Functional interactions between basolateral amygdala and mesocortical dopamine inputs to the medical prefrontal cortex: Electrophysiological and behavioral analyses
As part of a complex, interconnected neural network, the brain’s prefrontal cortex plays an important role in integrating emotional information for complex forms of cognition, such as planning, behavioural flexibility, decision-making and working memory (e.g. remembering a phone number just long enough to write it down). The amygdala — a brain structure residing in the temporal lobe — provides emotional information to the prefrontal cortex. Mesocortical dopamine transmission in the frontal lobes is also important in higher order cognitive processes.

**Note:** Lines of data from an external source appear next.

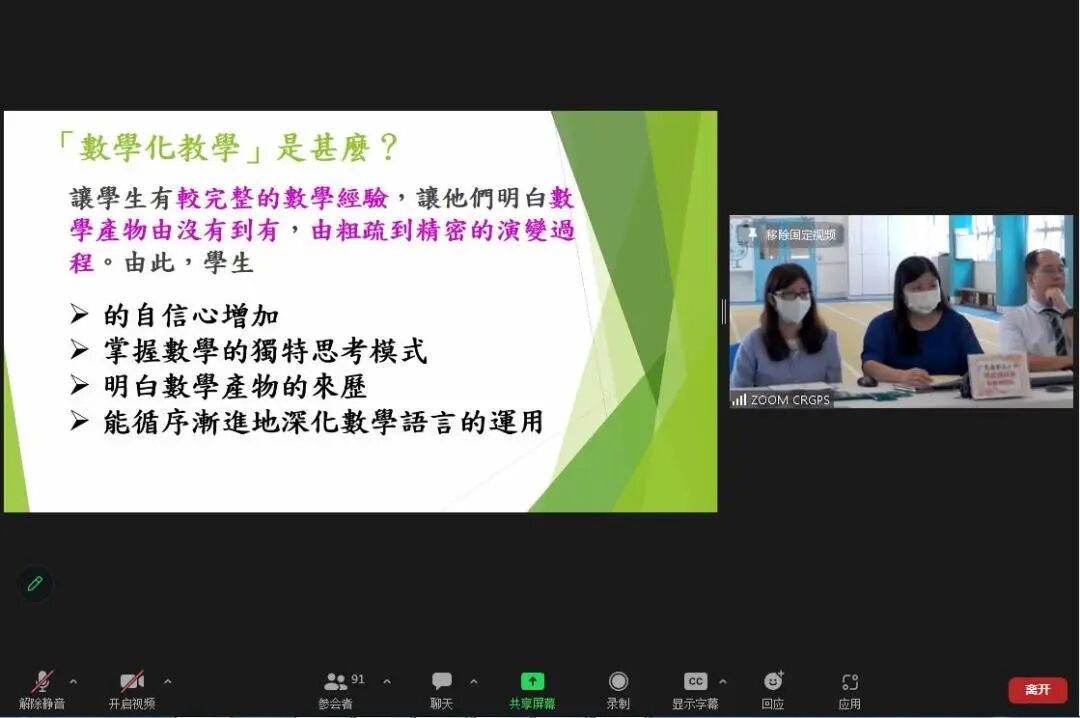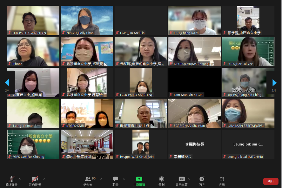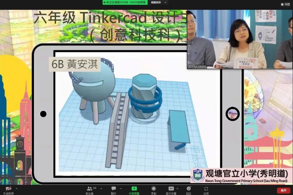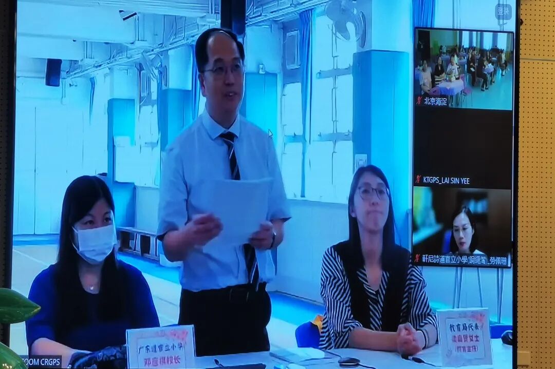 广东道官立小学教师团队、观塘官立小学(秀明道)教师团队、天水围官立小学教师团队分别作了“学习者主导的探究课——正方体展开图”“文化育人•喜动观塘•心系家国——观秀缆车系统跨科课程”“家国情怀系我心:美哉中华”主题报告。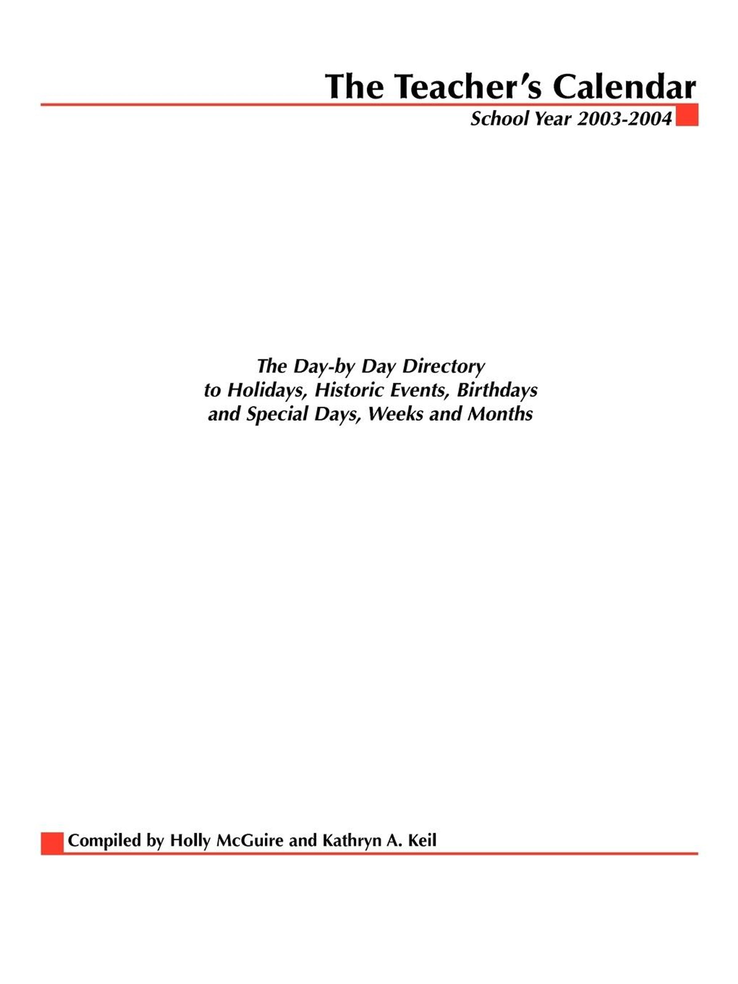 The 2003-2004 edition of this indispensable calendar for teachers grades K-8 contains hundreds of updated events and activities, including: Details and contact information for events celebrating the Lewis and Clark Expedition Bicentennial and the Wright Brothers' First Powered Flight Centennial More fascinating historical anniversaries, including the Locust Plague of 1874 (July 20), Blackbeard the Pirate's death anniversary (November 22) and the date the world's largest, smelliest flower was found (August 6) Expanded science and nature entries, including dates for annual meteor showers, the migration seasons for whooping cranes and monarch butterflies and anniversaries of scientific milestones such as the day the "Iceman" mummy was discovered (September 19) Hundreds of new "Birthday Todays," including more than 150 sports figures such as pro football superstars Brett Favre, Michael Vick, Ricky Williams and league MVP Rich Gannon, baseball's Rookies of the Year Eric Hinske and Jason Jennings, new NBA sensation Yao Ming, and U. S. soccer stars Landon Donovan and Damarcus Beasley The premiere anniversaries of the TV shows "SpongeBob Squarepants," "Lizzie McGuire," "Hey Arnold!," "The Wild Thornberries" and "The Powerpuff Girls" Contact information for the senators and governors from all 50 states Current and past winners of national children's book awards, including the Coretta Scott King Awards, Newbery and Caldecott Medals and all Honor Books Information on all the state fairs, on important teacher conferences, on student contests (spelling andgeography bees) and more!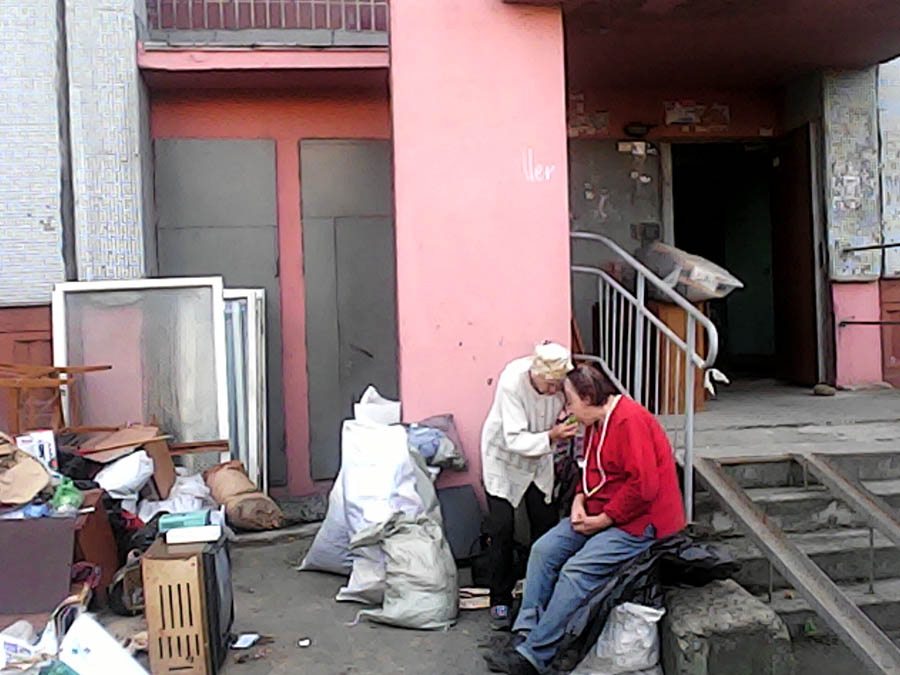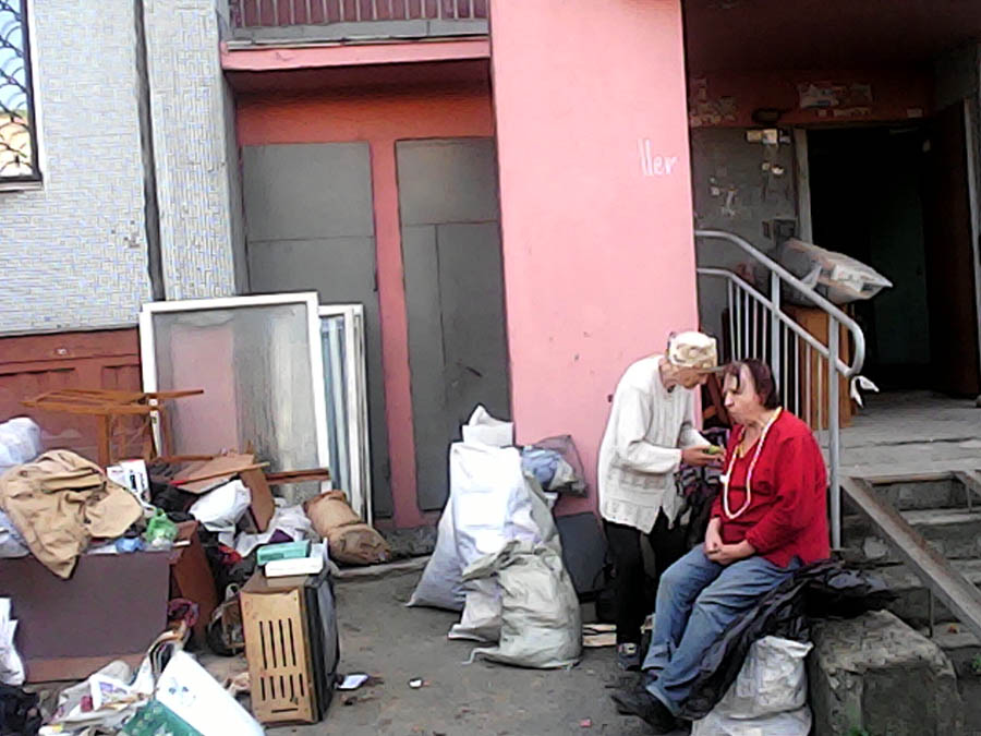 Сейчас рядом с ней знакомая старушка. Пытается как-то ее приободрить, а заодно и накормить. Галина Владимировна среди вороха белья и свалки мебели вызывает у соседей недоумение, многие останавливаются, спрашивают, что случилось. Некоторые приносят еду, другие спрашивают, чем помочь. Галина Долгих намерена жить возле подъезда до тех пор, пока мэрия не решит ее вопрос. Но при чем тут мэрия, если собственниками стали ее далекие родственники из Таганрога?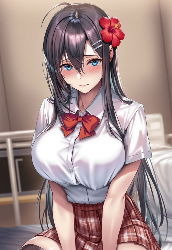 A girl called Nanase apologizes to the male teacher while her face is as red as the trademark red flower decoration on her head.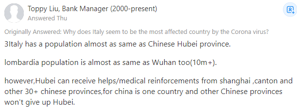 然而,湖北可以從上海、廣東和其他30多箇中國省份獲得幫助/醫療援助,因為中國是一個(整體)國家,其他中國省份不會放棄湖北。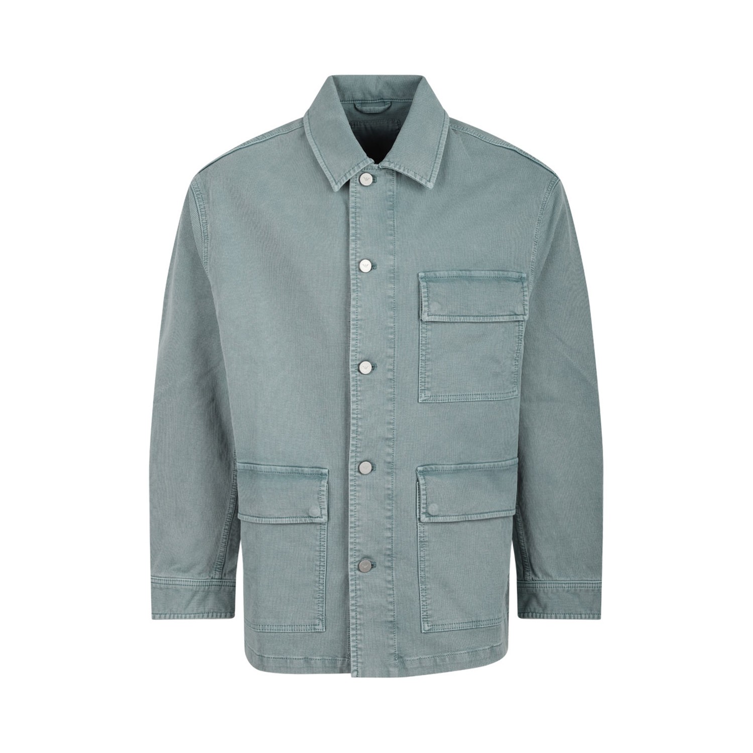 Emporio Armani Logo Engraved Jacket. Ocean blue cotton jacket, logo engraved, front button fastening, chest flap pocket, two side flap pockets, classic collar.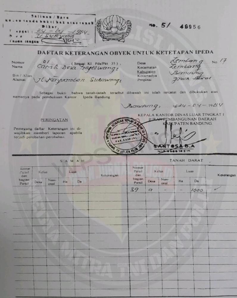 Anehnya, tanah negara bekas Hak Erfpacht yang kini telah berdiri Kantor Kecamatan Lembang, Yayasan Pendidikan Pancakarsa Lembang dan sejumlah rumah warga yang berada di komplek perumahan Sukawangi itu muncul selembar berkas fotocopy Daftar Keterangan Obyek Untuk Ketetapan Iuran Pembangunan Daerah (Ipeda) Kabupaten Bandung tertanggal 24 April 1984 yang ditandatangani oleh Kepala Kantor Dinas Luar Tingkat 1, Santosa, B.A.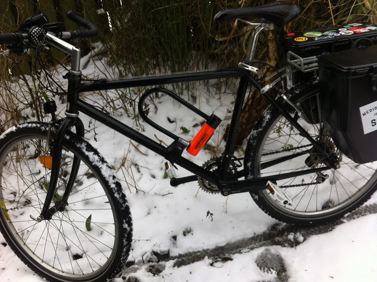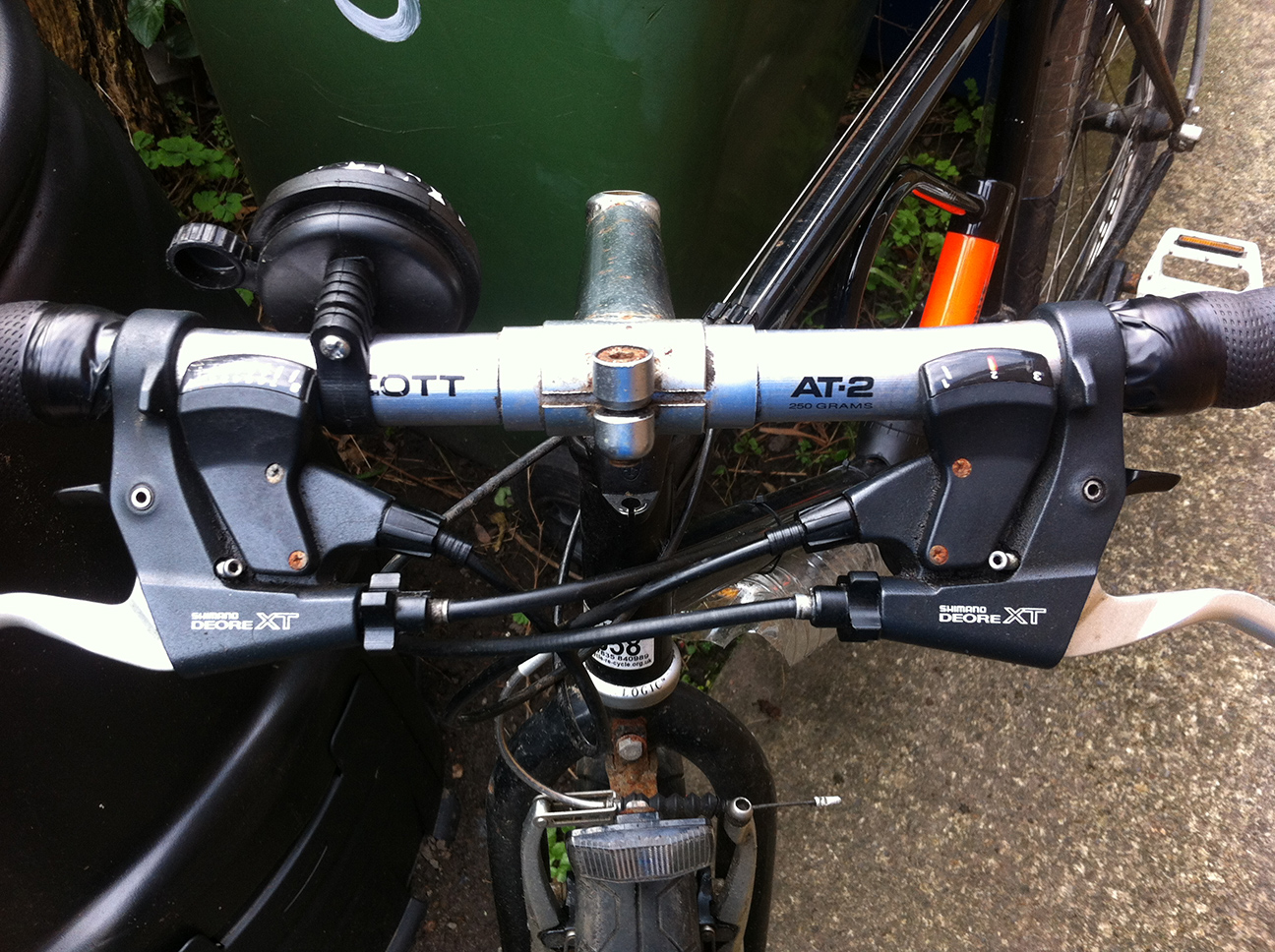 After the theft of the Grater I needed a new commuter/utility/hack bike, and I thought a tatty old rigid mountain bike would nice and practical but also less desirable to thieves. I had a look at a few in Cycle ReCycle (CRC, where I volunteer); rigid adult MTBs are usually around £50 but this was £70 as it is relatively light and has decent components (Shimano LX), although they let me have it for free. The frame is completely black but the bars say Scott AT2 on, and the wisdom of the internet as identified it as a Boulder of around 1995. It has a few little bits of rust which add to the anti-theft nature of it but are superficial.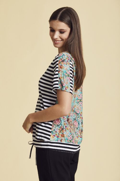 Stripe tie front top with print back and sleeve detail. Print: 100% viscose; Stripe 95% cotton, 5% elastane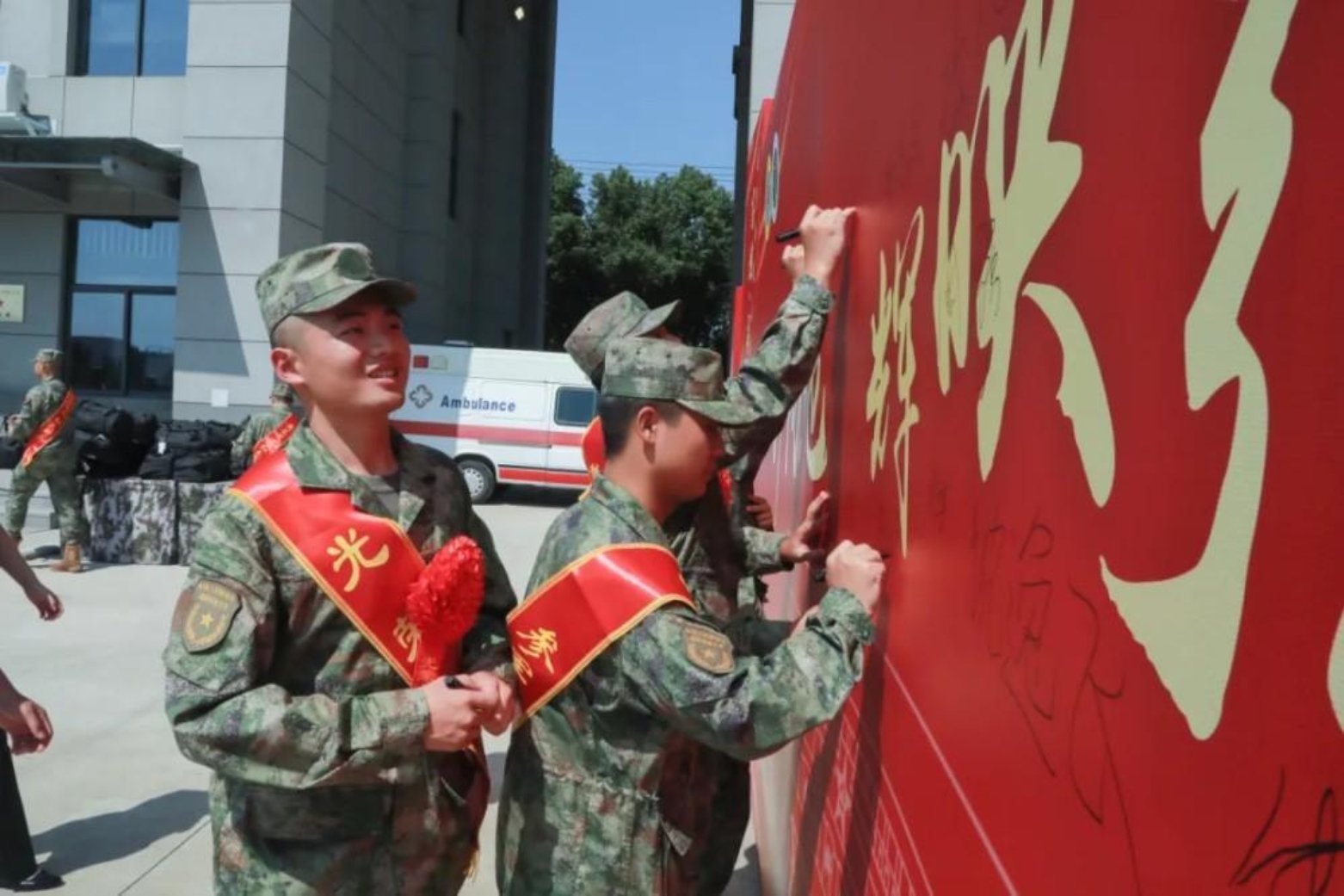 迎新仪式现场,最吸引眼球的还是那一抹抹大红色。“砺剑高地,辉映强军新征程”的签名墙前,新战友们郑重落下笔墨。每一笔都饱含着从军报国的赤诚,每一个名字都镌刻着建功科大的壮志。这不是简单的签名,而是对家国的深情告白,更是对建功科大的庄严承诺:选择军营,便意味着选择奉献;穿上军装,就扛起了责任担当。从踏入军营的那一刻起,他们便将个人理想融入“高地”,以初心为灯,用誓言铸魂。

Dysfunction of the brain’s emotional and decision-making circuits is believed to be closely linked to diseases such as schizophrenia and drug addiction: patients with these disorders can show structural abnormalities in the prefrontal cortex and the amygdala, decreased levels of cortical dopamine and impairments in emotional processes. Dr. Stanley Floresco is investigating the mechanisms through which emotional and decision-making circuits operate, and how their functioning is modulated by mesocortical dopamine. By shedding light on normal functioning in the brain at a cellular and behavioural level, these studies will increase understanding of the processes that underlie abnormal brain function in many psychiatric diseases.